Постепенно всё, что слышал Мартин в лесу от Геллы и что впитал, общаясь там с кем-то иным, много более древним и могучим, однако непознаваемым и бестелесным, становилось понятным. Вот, вот о чём была речь! Церковь утратила связь с Творцом Небесным, пребывающим ныне в молчании — по словам Геллы. Священники, в отличие от неё, осознать этого молчания бога не могли, однако чувствовали: что-то сломалось, что-то идёт не так. В не до конца осознанном, но сильнейшем страхе принялись они повторять то, с чего началось царствие Творца Небесного надо всем сущим. Казни.
Только казнили не тех, не так и не за то.
Кого, как и за что казнить необходимо — Мартин пока не знал. Это ещё оставалось в тумане. Однако всему своё время. Пока он приближался к пониманию, что идёт неправильно. Как можно исправить дело — это уже потом.
Но едва Мартин Мик пришёл к выводу, что решение — дело будущего, а пока он только познаёт саму суть нависшей над Стирлингом угрозы, как из глубины сознания всплыла мысль совершенно иная. Мысль, вызвавшая у юноши страх, но потому и не позволяющая себя прогнать.
Смотреть — мало. Безучастным наблюдателем он являться права не имеет. Всё уже зашло слишком далеко, осталось немного времени — юноша, отмеченный ведьмами, не может стоять в стороне, ожидая, когда наконец окажется готов. Начинать действовать необходимо немедленно. Уже здесь, в Дартфоре. Уже на этой площади. Прямо сейчас.

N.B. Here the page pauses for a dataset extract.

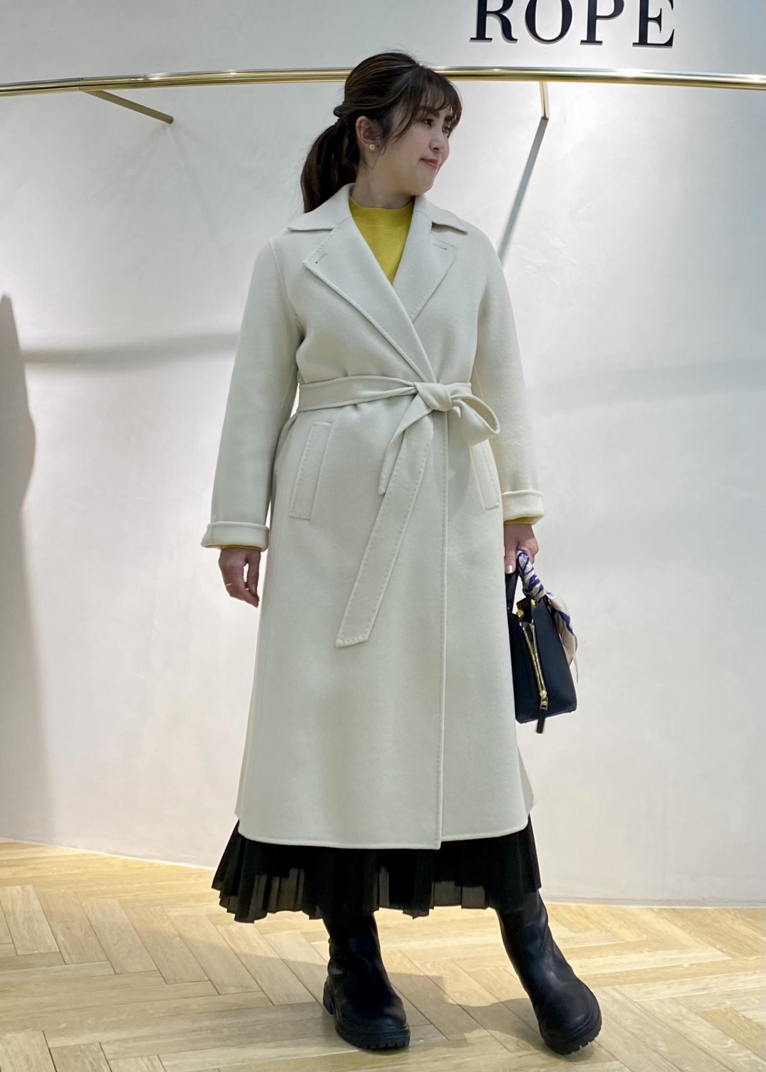 アウトレットROPÉ【高評価】【SUPER100's/140's】シャルムリバー2WAYロングコートキナリ / 38¥51,920レビュー38サイズを着用しています。

Но как? Что он может сделать?
— Почему ты молчишь?
Сначала Мартину показалось, будто скрипучий голос прозвучал прямо в голове, однако нет. Юноша обернулся и увидел дряхлого старика: беззубого, иссушенного, одетого в тряпьё. Вопреки немощи физической, взгляд старика был на удивление острым, живым.